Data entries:
=== Begin Enclosure ===

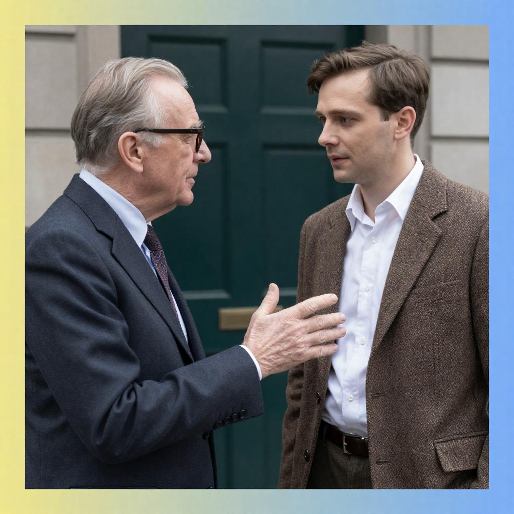 Photograph of two men in a mid-20th century setting. An older man with gray hair, glasses, and a dark suit gestures with his right hand, while a younger man with brown hair, wearing a brown tweed jacket and white shirt, listens intently. The background shows a green door. The image has a yellow and blue color gradient border with on the left.
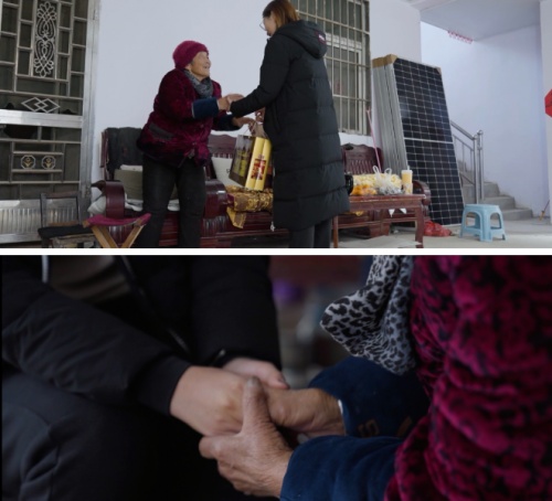 在徐州賈汪村,我們來到了張奶奶家,她患有白內(nèi)障,一家人靠政府低保生活,見到我們,她親切地牽著工作人員的手,拉起家常。
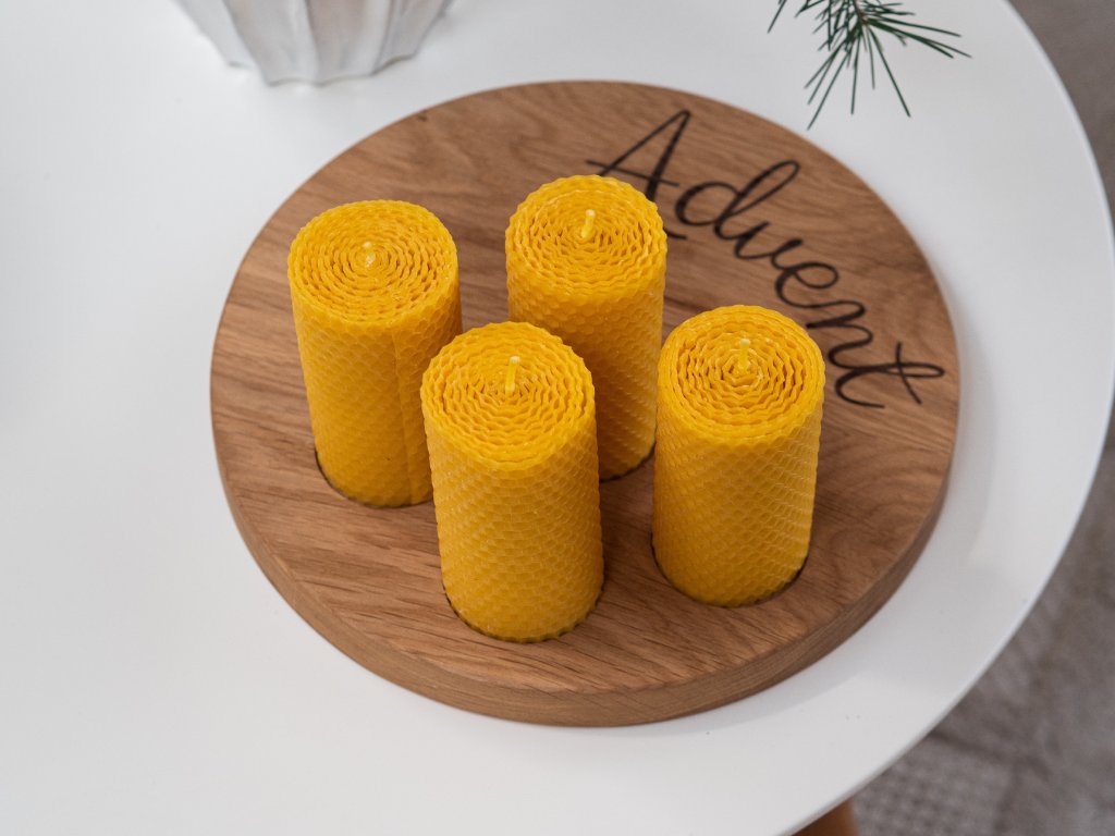 Včelí svíčky navíc působí na naše smysly uklidňujícím dojmem a vytváří doma opravdovou pohodu. Díky svému průměru jsou ideální do našeho dubového adventního svícnu s nápisem Advent, ale krásně vyniknou i samostatně – třeba na keramickém tácku nebo ve svícnu.
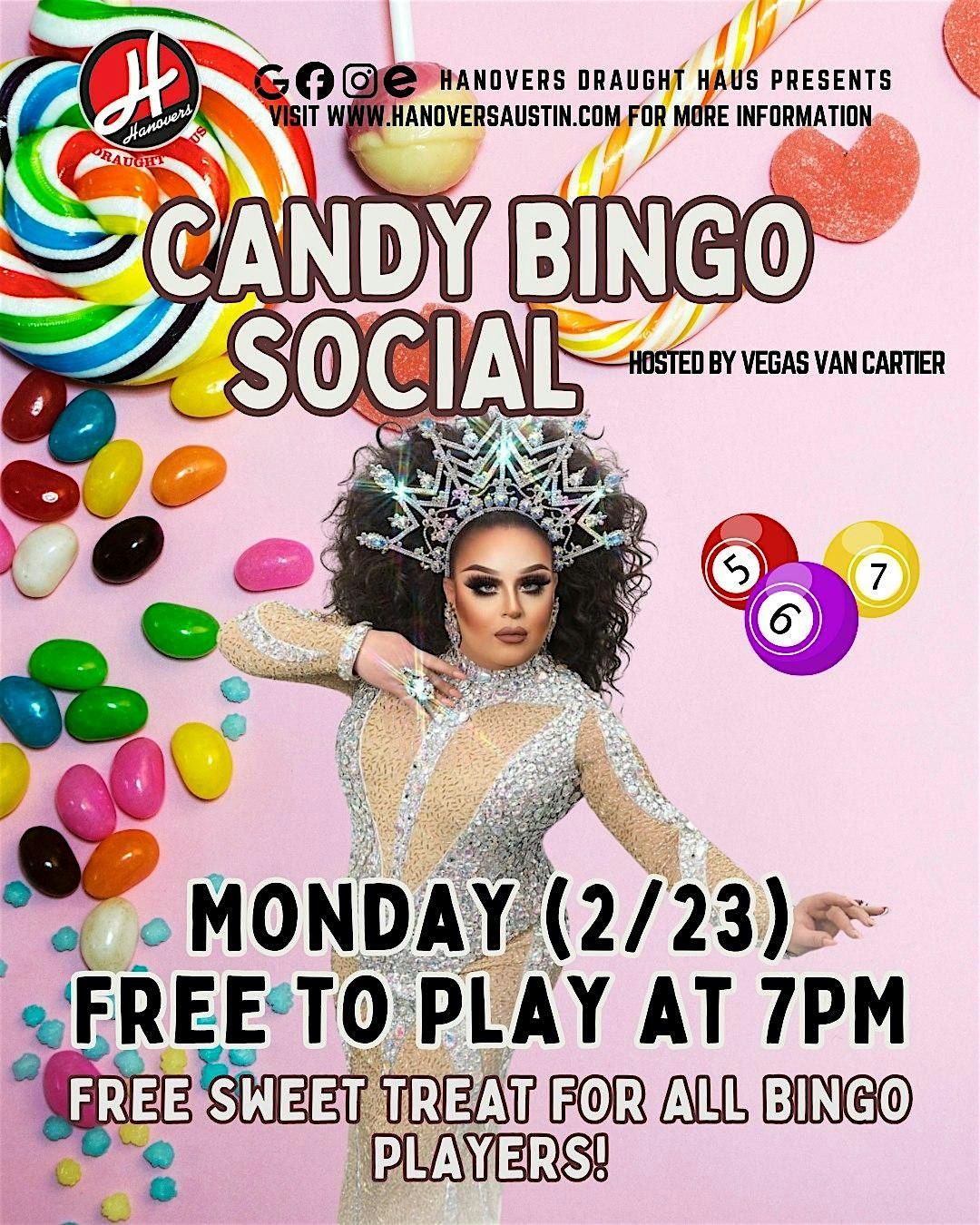 Welcome to Hanovers Drag Bingo Night! We are proud to co-host alongside Ms. Vegas Van Cartier to bring you a safe & pfun LGBTQIA+ event!
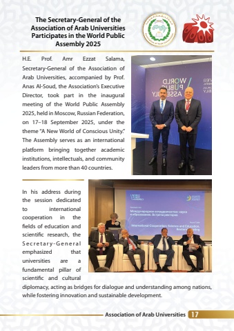 Association of Arab Universities 17H.E. Prof. Amr Ezzat Salama, Secretary-General of the Association of Arab Universities, accompanied by Prof. Anas Al-Soud, the Association%u2019s Executive Director, took part in the inaugural meeting of the World Public Assembly 2025, held in Moscow, Russian Federation, on 17%u201318 September 2025, under the theme %u201cA New World of Conscious Unity.%u201d The Assembly serves as an international platform bringing together academic institutions, intellectuals, and community leaders from more than 40 countries.In his address during the session dedicated to international cooperation in the fields of education and scientific research, the S e c r e t a r y - G e n e r a l emphasized that universities are a fundamental pillar of scientific and cultural diplomacy, acting as bridges for dialogue and understanding among nations, while fostering innovation and sustainable development.The Secretary-General of theAssociation of Arab UniversitiesParticipates in the World PublicAssembly 2025
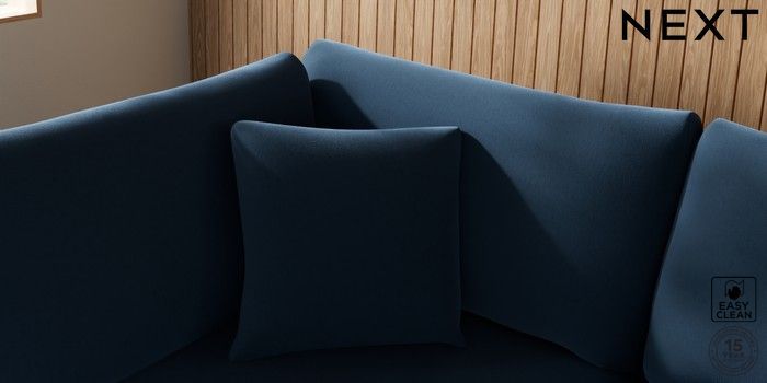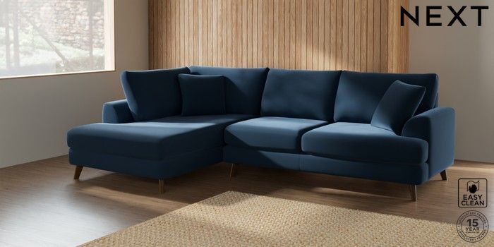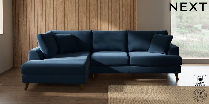 7.2.10 Parker Medium Corner Chaise - Left Hand Plush Velvet Easy Clean Airforce Blue Low Retro Tapered - Mid | Made Click here to use our website with more accessibility support, for example screen readers
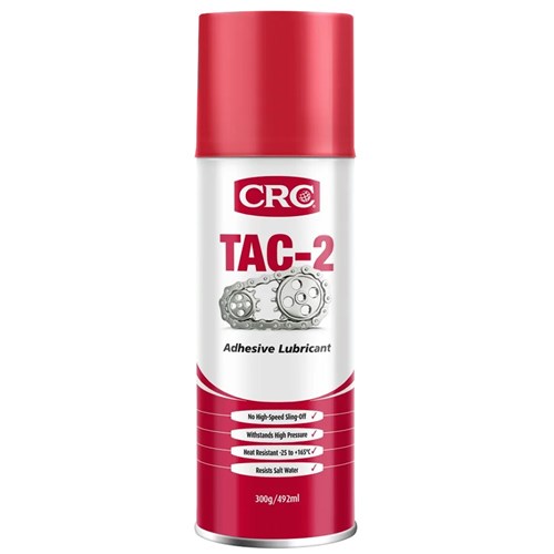 CRC TAC2 is a robust adhesive lubricant that minimizes friction and wear on chain and wear surfaces, enhancing operational longevity by preventing metal fatigue. It offers excellent resistance to cold, hot, and saltwater wash-off, as well as high-temperature sling-off. Ideal for chain drives, open gears, pulleys, wire ropes, and conveyors, this adhesive lubricant penetrates vital areas like chain pins and wire rope strands, ensuring effective and lasting lubrication for reliable equipment performance.
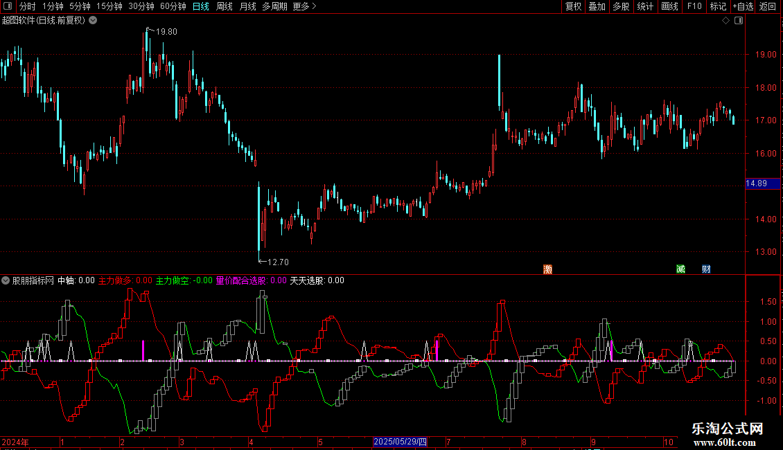 副图区域会显示“量价配合选股”和“天天选股”两个信号点。当出现彩色柱或信号点时,表示对应的选股条件被触发。
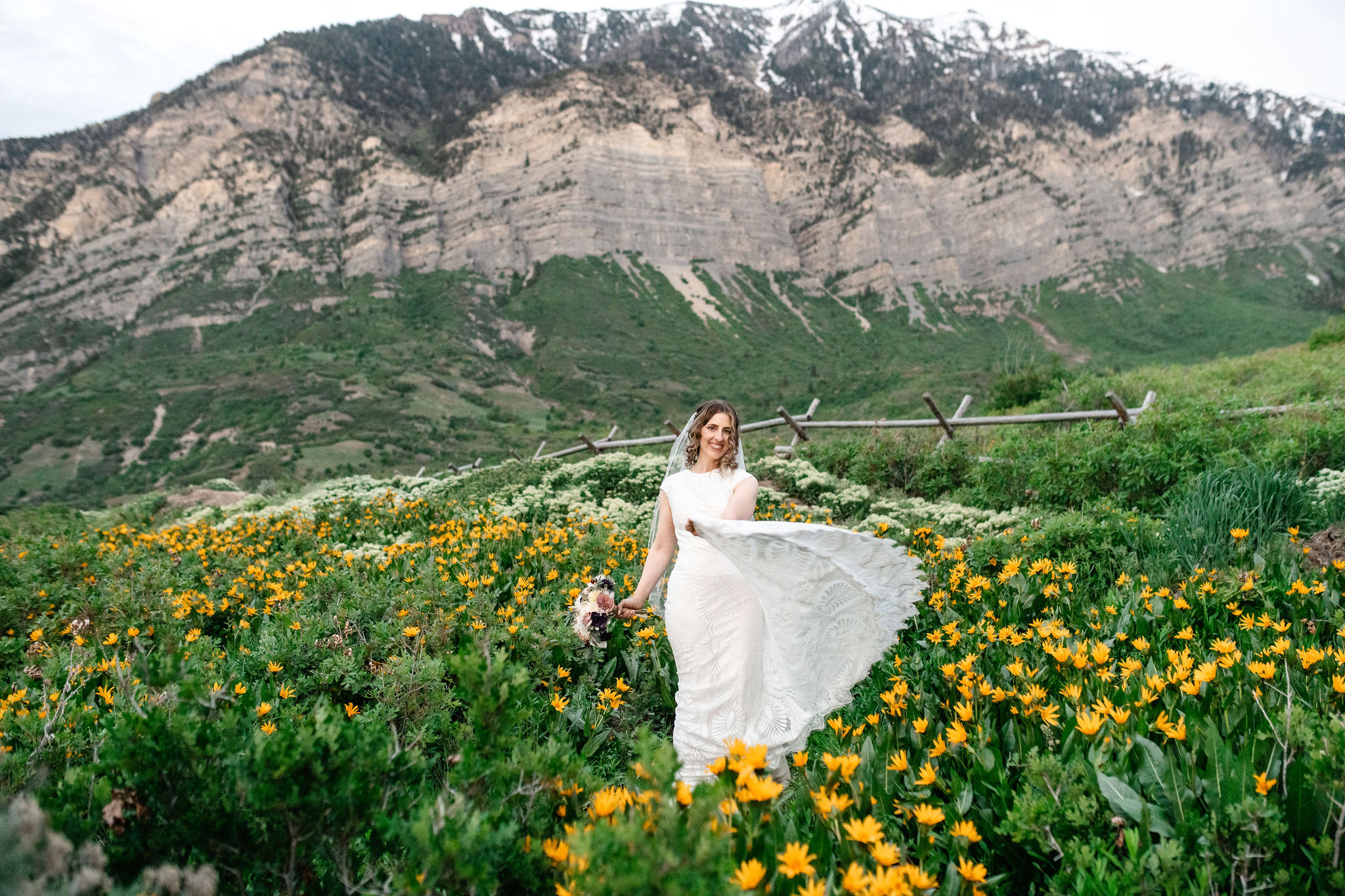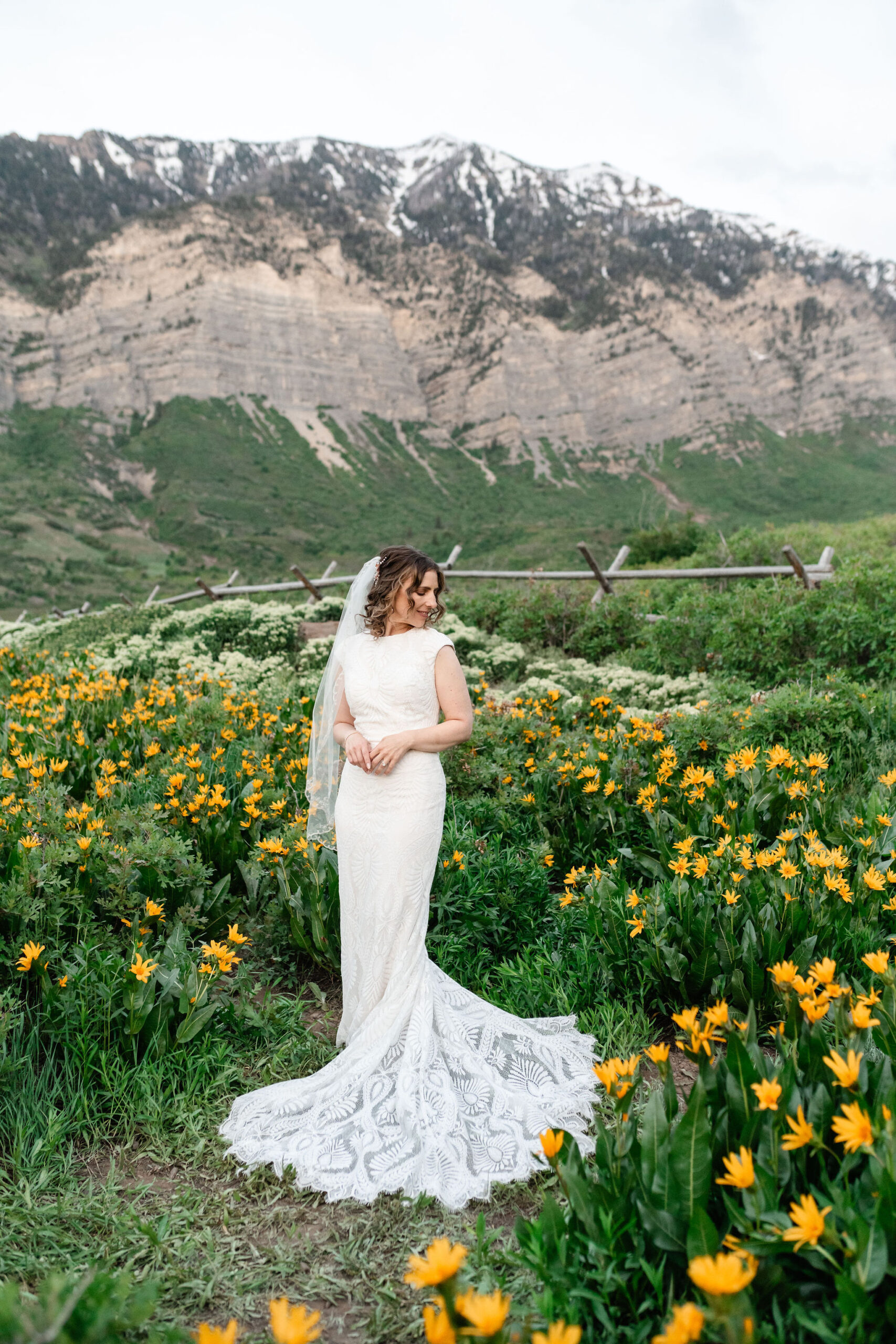 Moving right on up the mountainside into Heber Valley will give you amazing shots like these from Shantell and Josh’s bridals in Heber Canyon. “It has a quintessential Utah canyon feel with the yellow grasses, pines, and cedar trees.”

=== End Enclosure ===

Going from the line holding "CRC TAC2 is" to the last line of the data above, reproduce every line exactly, both included, with the pictures omitted.

 CRC TAC2 is a robust adhesive lubricant that minimizes friction and wear on chain and wear surfaces, enhancing operational longevity by preventing metal fatigue. It offers excellent resistance to cold, hot, and saltwater wash-off, as well as high-temperature sling-off. Ideal for chain drives, open gears, pulleys, wire ropes, and conveyors, this adhesive lubricant penetrates vital areas like chain pins and wire rope strands, ensuring effective and lasting lubrication for reliable equipment performance.
 副图区域会显示“量价配合选股”和“天天选股”两个信号点。当出现彩色柱或信号点时,表示对应的选股条件被触发。
 Moving right on up the mountainside into Heber Valley will give you amazing shots like these from Shantell and Josh’s bridals in Heber Canyon. “It has a quintessential Utah canyon feel with the yellow grasses, pines, and cedar trees.”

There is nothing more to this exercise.